Lots of visitors come to Goa expecting to be able to party on the beach every night, and are dismayed when most places to dance turn out to be mainstream clubs they probably wouldn’t look twice at back home. The truth is that the full-on, elbows-in-the-air beach party of old, when tens of thousands of people would space out to huge techno sound systems under neon-painted palm trees, is – for now – pretty much a thing of the past in Goa.
Goa’s coastal villages saw their first big parties back in the 1960s with the influx of hippies to Calangute and Baga. Much to the amazement of the locals, the preferred pastime of these wannabe sadhus was to cavort naked on the sands together on full-moon nights, amid a haze of chillum smoke and loud rock music. At first the villagers took little notice of these bizarre gatherings, but with each season the scene became better established, and by the late 1970s the Christmas and New Year parties, in particular, had become huge events, attracting travellers from all over the country.
In the late 1980s, the local party scene received a dramatic shot in the arm with the coming of Acid House and techno. LSD and ecstasy became the preferred dance drugs as the rock and dub scene gave way to rave culture, with ever-greater numbers of young clubbers pouring in for the season on charter flights. Goa soon spawned its own distinctive brand of psychedelic music, known as Goa Trance, cultivated by artists such as Goa Gill, Juno Reactor and Hallucinogen.
The golden era for Goa’s party scene, and Goa Trance, was in the early 1990s, when big raves were held two or three times a week in beautiful locations around Anjuna and Vagator.
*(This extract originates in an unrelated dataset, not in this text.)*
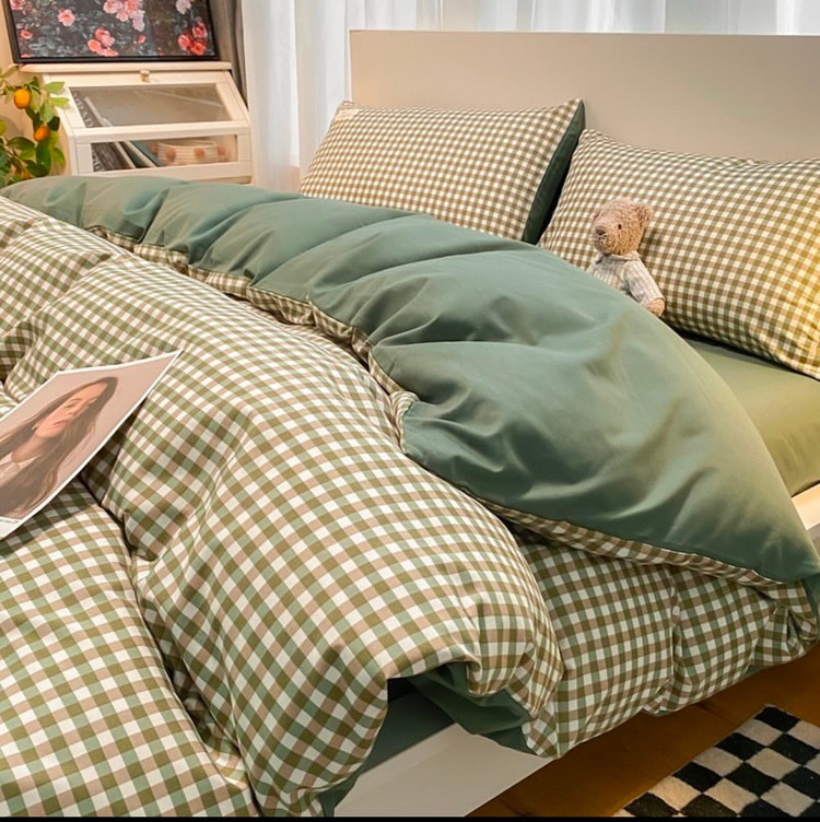ست لحاف و روتختی چهارخونه سبز پینترستی

For a few years the authorities turned a blind eye. Then, quite suddenly, the plug was pulled: during the run-up to the Y2K celebrations a ban on amplified music was imposed between 10pm and 7am. Nearly twenty years later, the curfew is still officially in place but routinely flaunted: some places pay backhanders to stay open until the early hours, while during an election year it’s early to bed for everyone again. Today’s rave scene is limited to a few established, above-board clubs – notably the Nine Bar and Hilltop in Vagator, and Marbela Beach at Aswem. The recent drop in foreign tourist numbers, however, has led to talk of the legislation being changed.